Hybrid statistical pronunciation models designed to be trained by a medium-size corpus

  • Authors:
  • Bahram Vazirnezhad;Farshad Almasganj;Seyed Mohammad Ahadi

  • Affiliations:
  • Biomedical Engineering Department, Amirkabir University of Technology (Tehran Polytechnic), Hafez Avenue, P.O. Box 15875-4413, Tehran, Iran;Biomedical Engineering Department, Amirkabir University of Technology (Tehran Polytechnic), Hafez Avenue, P.O. Box 15875-4413, Tehran, Iran;Electrical Engineering Department, Amirkabir University of Technology (Tehran Polytechnic), Hafez Avenue, P.O. Box 15875-4413, Tehran, Iran

  • Venue:
  • Computer Speech and Language
  • Year:
  • 2009

Quantified Score

Hi-index 0.00

Visualization

Abstract

Generating pronunciation variants of words is an important subject in speech research and is used extensively in automatic speech recognition and segmentation systems. Decision trees are well known tools in modeling pronunciation over words or sub-word units. In the case of word units and very large vocabulary, in order to train necessary decision trees, a huge amount of speech utterances are required.

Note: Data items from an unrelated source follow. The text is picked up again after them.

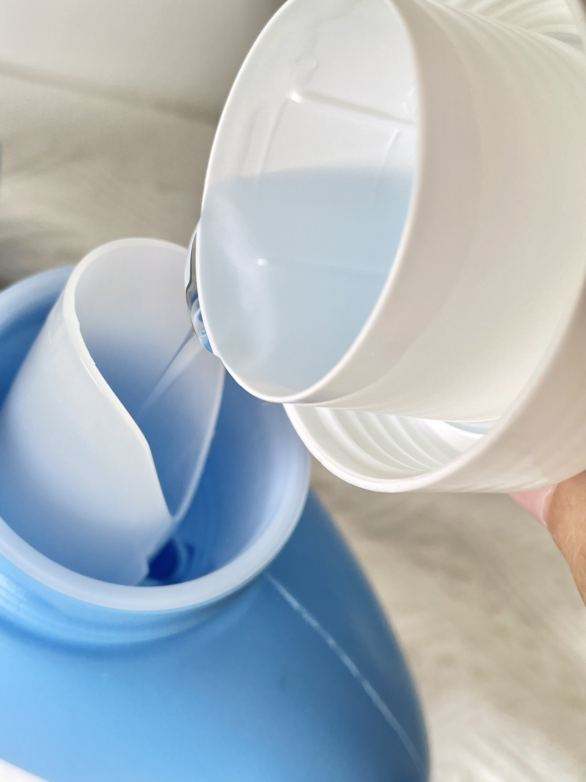每当春天就超爱穿白色系 但唯一的缺点就是会发黄 白衣服好难洗啊 还好有蓝月亮救场 泡一阵子后轻轻松松洗干净 还带有淡淡的清香 一次一小瓶盖就可以洗好多衣服了~~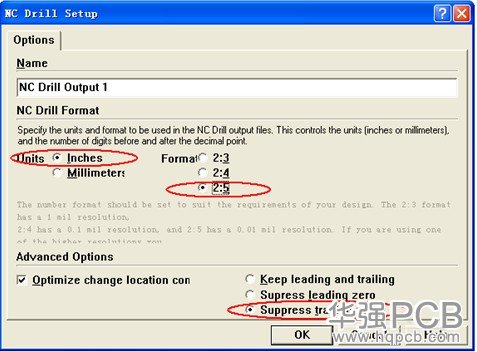 6:出現(xiàn)NC Drill setup 對(duì)話框,在這里我們?cè)O(shè)置鉆孔文件的坐標(biāo)格式及單位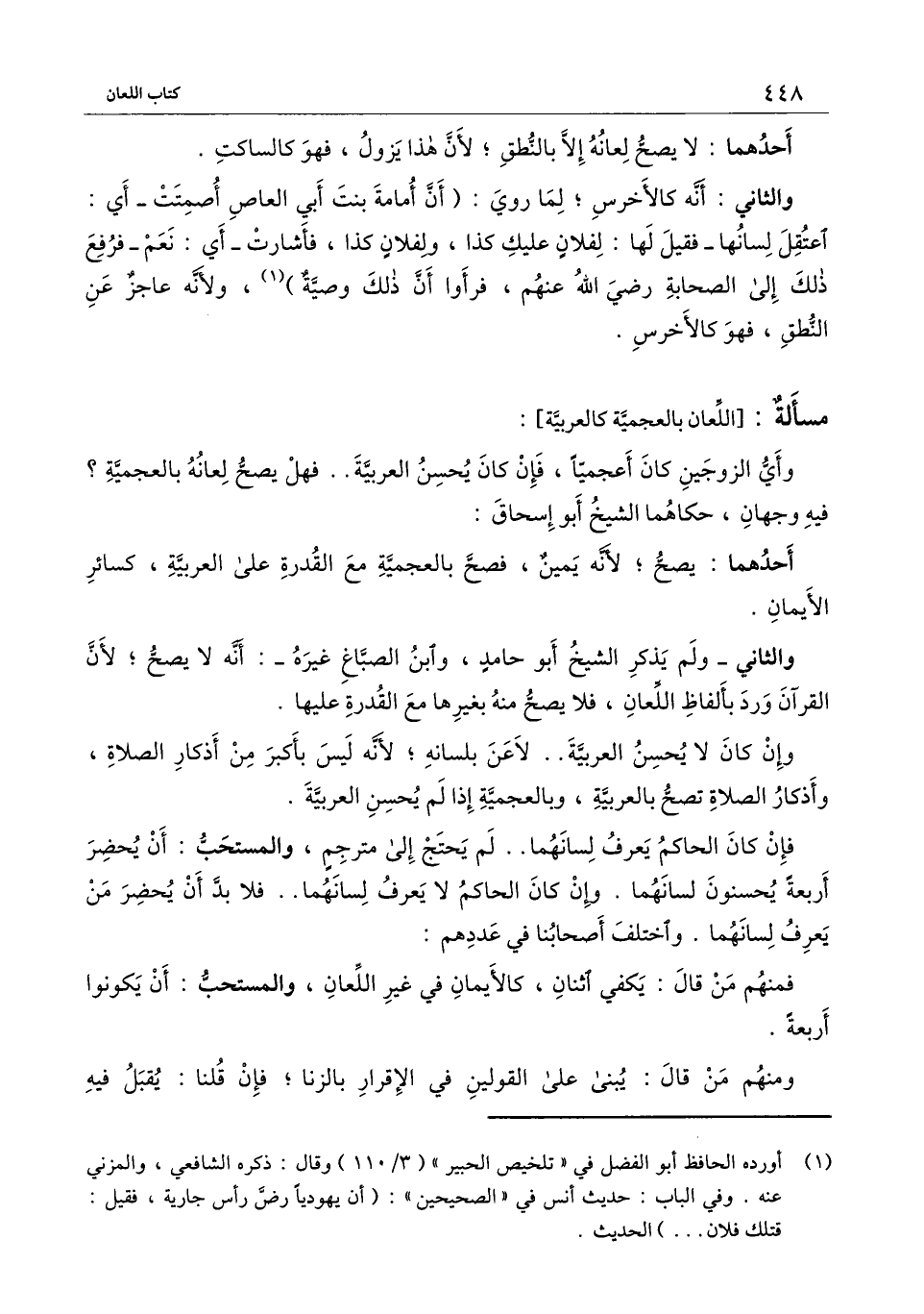 كالعربية] : وأي الزوجين كان أعجميا، فإن كان يحسن العربية.. فهل يصح لعانه بالعجمية؟ فيه وجهان، حكاهما الشيخ أبو إسحاق: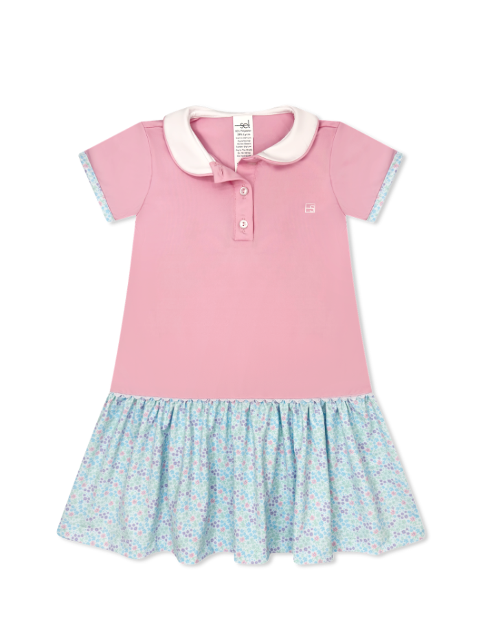 She will be ready to play her best game yet in our athleisure Darla Dropwaist Dress. Sporty, stylish, and oh-so-comfortable in Cotton Candy Pink athleisure with Frosted Floral athleisure skirt and welting.

This training data must contain all of the needed words in the vocabulary with a sufficient number of repetitions for each one. Additionally, an extra corpus is needed for every word which is not included in the original training corpus and may be added to the vocabulary in the future. To overcome these drawbacks, we have designed generalized decision trees, which can be trained using a medium-size corpus over groups of similar words to share information on pronunciation, instead of training a separate tree for every single word. Generalized decision trees predict places in the word where substitution, deletion and insertion of phonemes may occur. After this step, appropriate statistical contextual rules are applied to the permitted places, in order to specifically determine word variants. The hybrids of generalized decision trees and contextual rules are designed in static and dynamic versions. The hybrid static pronunciation models take into account word phonological structures, unigram probabilities, stress and phone context information simultaneously, while the hybrid dynamic models consider an extra feature, speaking rate, to generate pronunciation variants of words. Using the word variants, generated by static and dynamic models, in the lexicon of the SHENAVA Persian continuous speech recognizer, relative word error rate reductions as high as 8.1% and 11.6% are obtained, respectively.